C_25:4 HBI alkene decreases rapidly with increasing depth within top 60 cm of the core and is under the detection limit in the underlying horizons (Fig. 9). This implies that the C_25:4 HBI alkene is highly unstable during early diagenesis (Requejo and Quinn, 1983). In contrast, the C_25:1 HBI alkene seems more stable in the sediment column and has maximal concentrations in warming intervals (0.8 and 8 mbsf).

Haptophyte-Derived Compounds

C₃₇-C₃₉ alkenones and C₃₇-C₃₈ alkenoates (C₃₆ fatty acid-methyl and ethyl esters) were found in the F3 fraction (Fig. 7), and C₃₇-C₃₈ alkatrienes were found in the F1 fraction (Fig. 5). All of these in normal marine sediments are thought to derive from Genera Gephyrocapsa and Emiliania, Family Gephyrocasaceae, Class Haptophyceae (Marlowe et al., 1990).

Alkenones are most abundant in lipids extracted from Core 167-1016C-1H. Their concentrations vary between 2.0 and 16.5 µg/g sediment, with an average of 5.8 µg/g sediment, and have maximal values at 5.2, 6.2, and 7.4 mbsf (Fig. 10). Alkenoates have a similar variation with alkenones. Alkatrienes show a different variation with alkenones and alkenoates, and their concentrations are higher in a cooling interval (3.8-5.2 mbsf). Conte et al. (1994) compiled published and unpublished data for lipids in various strains of Emiliania huxleyi and found that the occurrence of alkatrienes is restricted to several strains from northern subarctic Oceans such as the northeast Pacific Ocean and the English Channel. This suggests that the alkatrienes from Site 1016 reflect the contribution of Emiliania and/or Gephyrocapsa species of subarctic origin.

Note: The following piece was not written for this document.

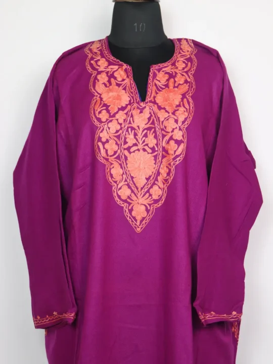 Cashmilon wool gives this violet Kashmir phiran a warm, reassuring weight. At the neckline Aari embroidery is worked into repeated blossom motifswhich add depth and rhythm to the front. Chest size 53 inches and length 45.5 inches provide a balanced fit.

Prokaryote-Derived Compounds

In the F1 fraction, diploptene, neohop-13(18)-ene, and fern-7-ene were found, and hop-21(22)-ene and hop-17(21)-ene were detected in trace amounts (Fig. 6). All of these are thought to derive from eubacteria or cyanobacteria (Ourrison et al., 1979). Brassell et al. (1980) proposed a diagenetic isomerization of diploptene (hop-22(29)-ene) to neohop-13(18)-ene through hop-21(22)-ene and hop-17(21)-ene. There seems a trend that the relative abundance of neohop-13(18)-ene to diploptene increases with increasing depth (Fig. 9), which is consistent with the Brassell hypothesis. Both diploptene and neohop-13(18)-ene show similar variations with depth, but the amplitude is much higher in the variation of neohop-13(18)-ene concentration.

Petroleum-Type Compounds

Hopanes, steranes, and C-ring monoaromatic (MA) steroids were observed in the F1 fraction (Fig. 6). Their identification was achieved by comparison of their mass spectra and retention times (Philp, 1995; Moldowan and Fago, 1986; Schouten et al., 1994). Their isomeric pattern (e.g., the presence of thermally stable 22S- and 17(H), 21(H)-hopanes and 20S- and 5(H), 14(H), 17(H)-steranes) is typical of matured organic matter (Seifert and Moldowan, 1980), and the presence of 28, 30-dinorhopane (Seifert et al., 1978) implies that their source is a weathered Miocene Monterey Formation source rock and/or Monterey oil. Figure 11 demonstrates the variations in the concentrations of these petroleum-type compounds. All of these show parallel variations in concentration, and they are most abundant in warming intervals at 0.8 and 8.2 mbsf. The concentration of 28,30-dinorhopane ranges between 3 and 13 µg/g TOC, which is in the same order as that in Site 893 sediments in Santa Barbara Basin (10-42 µg/g TOC; Hinrichs et al., 1995).